Dataset entries: Begin
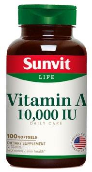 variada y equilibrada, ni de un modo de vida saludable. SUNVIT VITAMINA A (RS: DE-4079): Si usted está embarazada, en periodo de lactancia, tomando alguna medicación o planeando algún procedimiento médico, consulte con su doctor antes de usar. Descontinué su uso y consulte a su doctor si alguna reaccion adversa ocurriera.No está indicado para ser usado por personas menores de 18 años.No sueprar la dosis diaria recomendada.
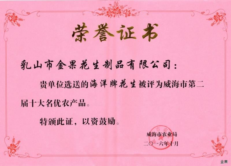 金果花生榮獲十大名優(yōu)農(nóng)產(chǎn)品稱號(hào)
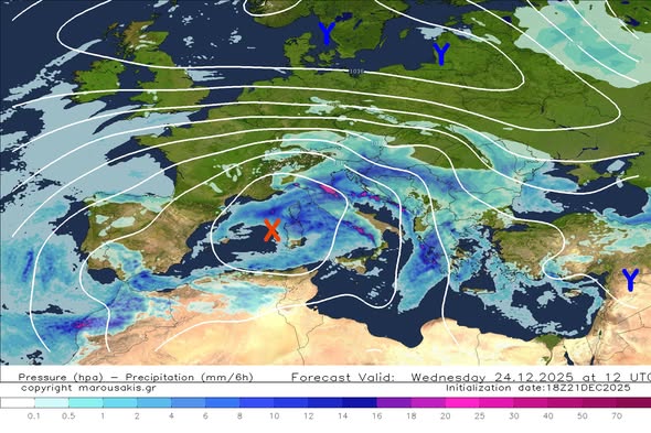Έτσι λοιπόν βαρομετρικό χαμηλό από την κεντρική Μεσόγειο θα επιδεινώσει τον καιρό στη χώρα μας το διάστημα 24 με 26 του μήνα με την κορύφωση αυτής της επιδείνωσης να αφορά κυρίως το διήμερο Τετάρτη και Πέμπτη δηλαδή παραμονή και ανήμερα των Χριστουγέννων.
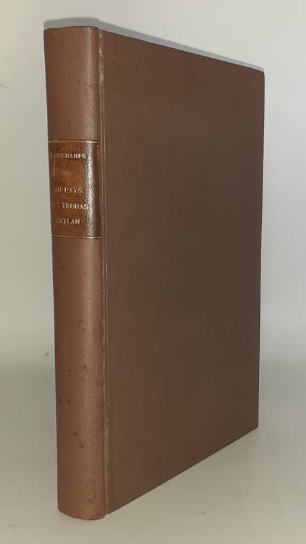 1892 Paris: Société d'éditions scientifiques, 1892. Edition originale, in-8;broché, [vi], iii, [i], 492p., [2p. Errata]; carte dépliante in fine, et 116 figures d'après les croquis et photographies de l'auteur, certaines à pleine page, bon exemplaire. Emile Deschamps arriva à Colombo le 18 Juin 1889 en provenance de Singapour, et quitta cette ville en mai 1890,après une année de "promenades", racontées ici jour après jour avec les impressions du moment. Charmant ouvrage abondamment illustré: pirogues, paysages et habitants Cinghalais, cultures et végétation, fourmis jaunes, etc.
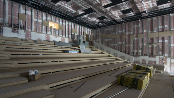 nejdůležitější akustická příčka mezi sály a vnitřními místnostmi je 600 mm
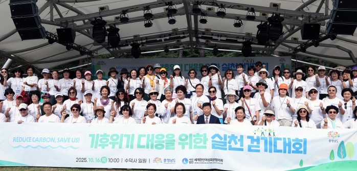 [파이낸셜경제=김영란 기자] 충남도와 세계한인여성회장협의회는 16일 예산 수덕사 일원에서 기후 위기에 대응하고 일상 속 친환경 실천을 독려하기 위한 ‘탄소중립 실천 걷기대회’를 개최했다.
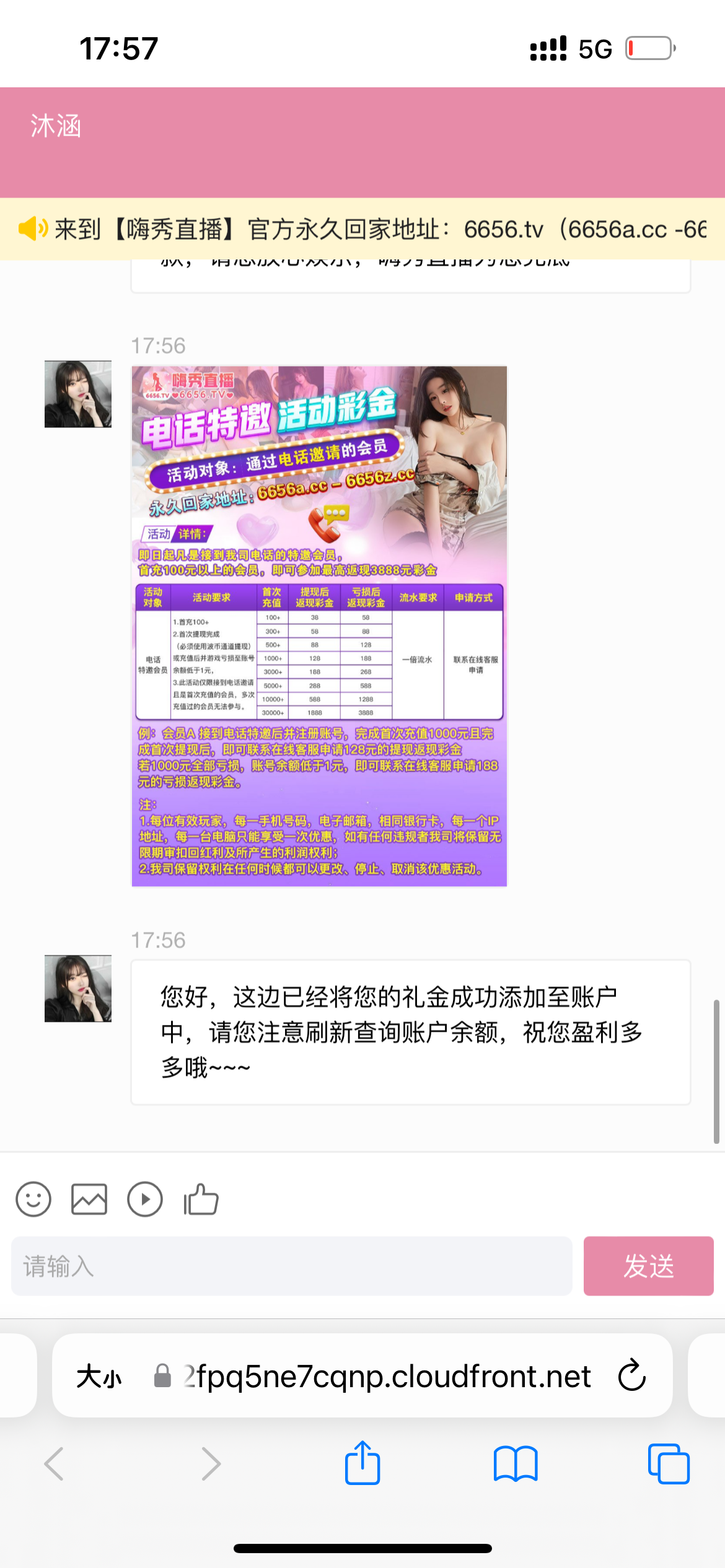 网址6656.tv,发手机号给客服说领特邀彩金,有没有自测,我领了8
Dataset entries: End
Activity: In the records above, find the line that contains "[파이낸셜경제=김영란 기자] 충남도와". Print it and every later line exactly, omitting the pictures.

Result of this exercise:
 [파이낸셜경제=김영란 기자] 충남도와 세계한인여성회장협의회는 16일 예산 수덕사 일원에서 기후 위기에 대응하고 일상 속 친환경 실천을 독려하기 위한 ‘탄소중립 실천 걷기대회’를 개최했다.
 网址6656.tv,发手机号给客服说领特邀彩金,有没有自测,我领了8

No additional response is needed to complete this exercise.